■ **Work instruction**:
The reply must contain exactly the lines below from the one with "socle granit (33x15cm)" down to the one with "Künstler-AK Donald McGill: The", both included, and nothing more; please omit the pictures.
BEGIN Provided material
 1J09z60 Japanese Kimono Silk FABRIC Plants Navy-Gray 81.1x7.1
END Provided material
BEGIN Provided material
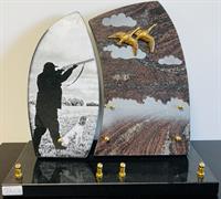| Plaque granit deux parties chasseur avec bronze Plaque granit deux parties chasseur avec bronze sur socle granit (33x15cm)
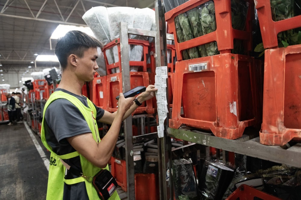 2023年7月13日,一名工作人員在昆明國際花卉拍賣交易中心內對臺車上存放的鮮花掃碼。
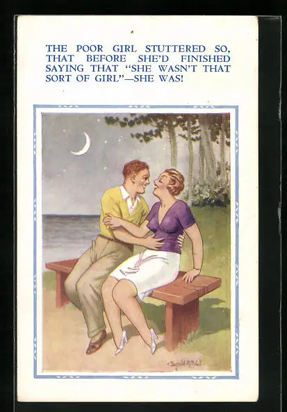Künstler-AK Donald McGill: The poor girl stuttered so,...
END Provided material
■ **Written response**:
| Plaque granit deux parties chasseur avec bronze Plaque granit deux parties chasseur avec bronze sur socle granit (33x15cm)
 2023年7月13日,一名工作人員在昆明國際花卉拍賣交易中心內對臺車上存放的鮮花掃碼。
Künstler-AK Donald McGill: The poor girl stuttered so,...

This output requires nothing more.